If your child has even a relatively minor medical problem, he or she may qualify for medical-based financial aid to help pay for college.
The key thing you need to know is—medical-based financial aid isn’t applied for the regular way (through the FAFSA form).
Families apply for medical-based financial aid through other channels that—in the past—have been tricky to figure out.
The easiest way for parents to learn about medical-based financial aid? This book by Jason White:
I’ve read this book cover to cover, and I loved it.
This quick-read, 87-page book is available on Amazon here:
From the back cover:
“The Medical Loophole shows you how to turn any medical condition into free money for college. Whether your medical condition is incredibly serious or just a minor inconvenience, this book can save you a fortune in college expenses. It doesn’t matter where you live, what college you plan to attend, or what medical condition applies to you.”
“The Medical Loophole teaches you how to apply for medical-based financial aid in just a few easy steps. Medical-based financial aid provides students with an exciting opportunity to pay for college on the basis of just about any medical condition—asthma, allergies, ADHD, anxiety, depression, back pain—the list goes on and on.”
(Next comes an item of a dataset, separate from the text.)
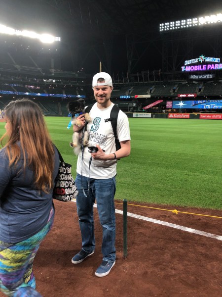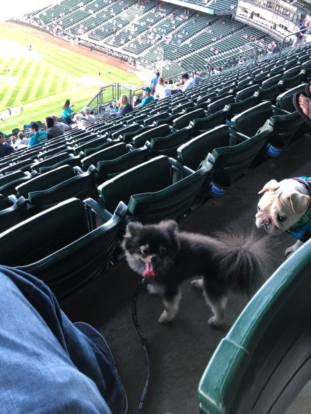 On Monday, Ducky and I met my niece at T-Mobile Park so Albus could enjoy Bark at the Park night and watch a Mariners game. I couldn’t believe how good he was! He seemed to really enjoy himself, hardly ever barked, and didn’t use the bathroom in the stadium at all – although if he popped a squat in the third base area as an “F U” to Kyle Seager when we got to walk around the field, I would have been okay with that.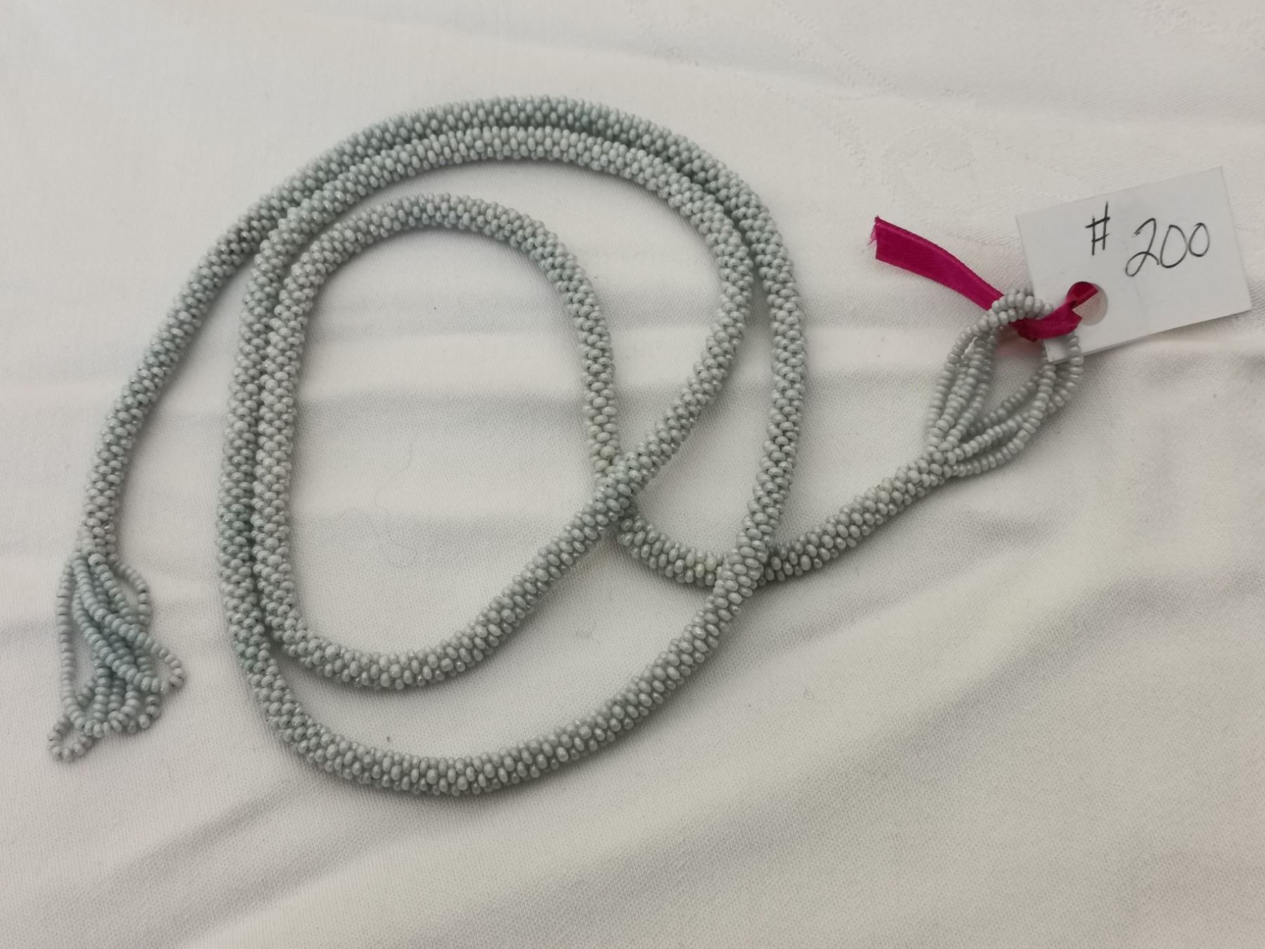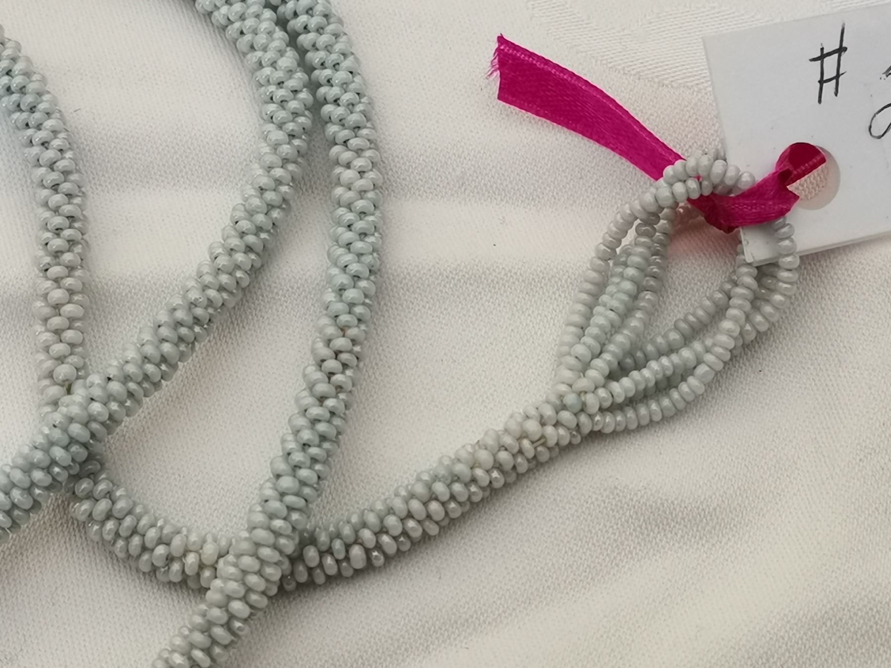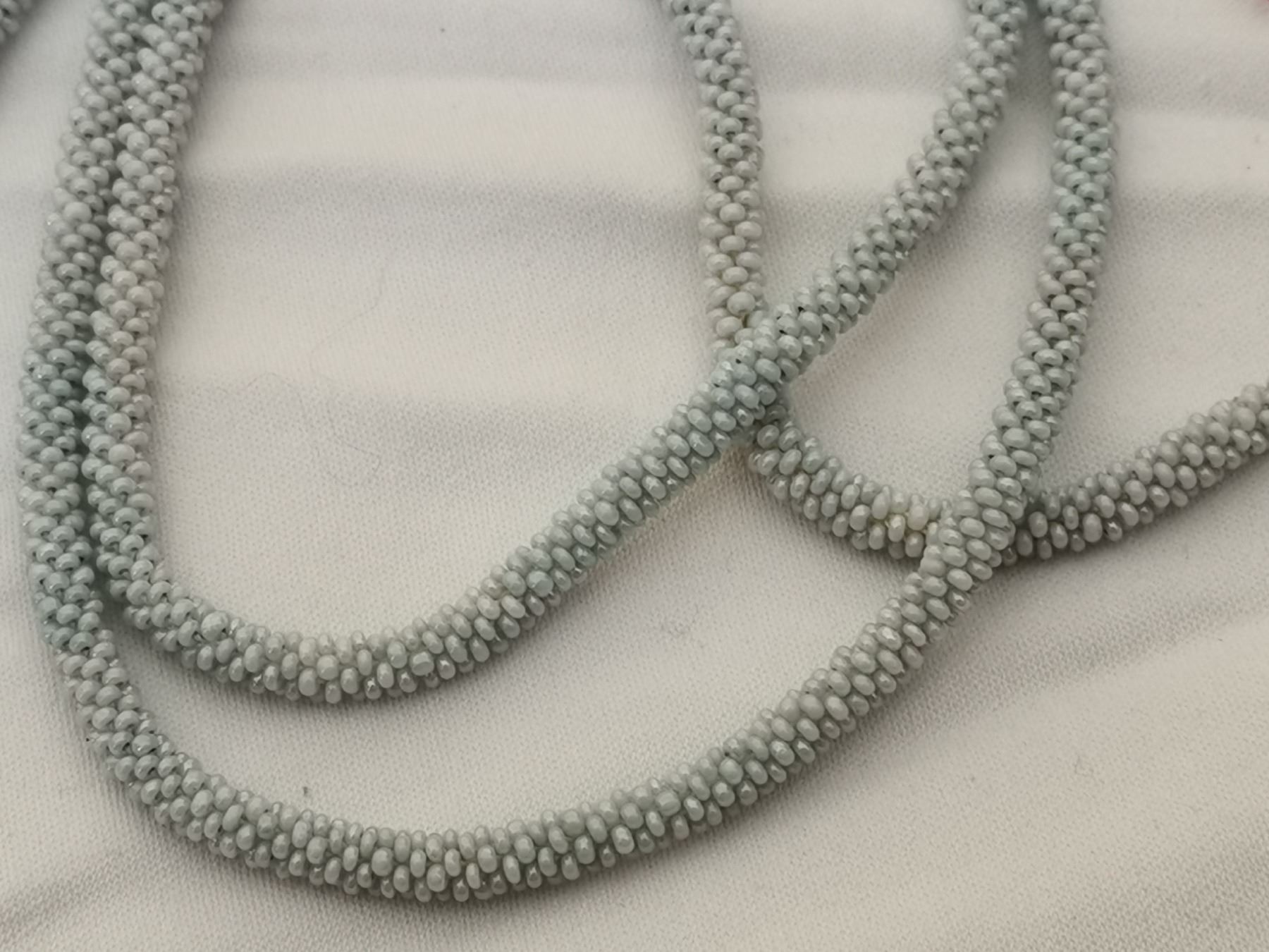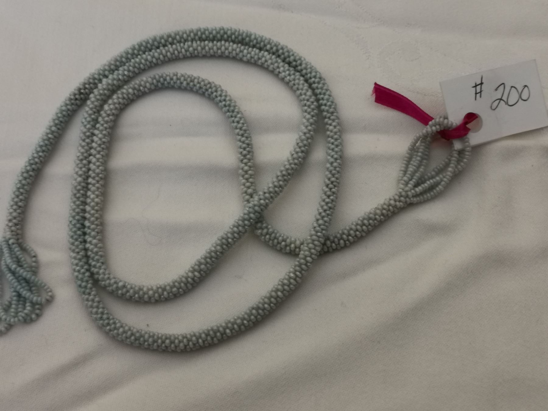 Powder blue beaded flapper necklace, 42”, 1920’s

Don’t miss these two important resources in this book about medical-based financial aid:
The Medical Loophole contains a detailed directory of “vocational rehabilitation offices” listed by state—including exact addresses, phone numbers, and websites. Exactly what you need!
The book also includes a sample letter that helps you communicate with your doctor about your application for medical-based financial aid.
If you’re parenting a student with any kind of a disability, see the helpful article I’ve written for you here.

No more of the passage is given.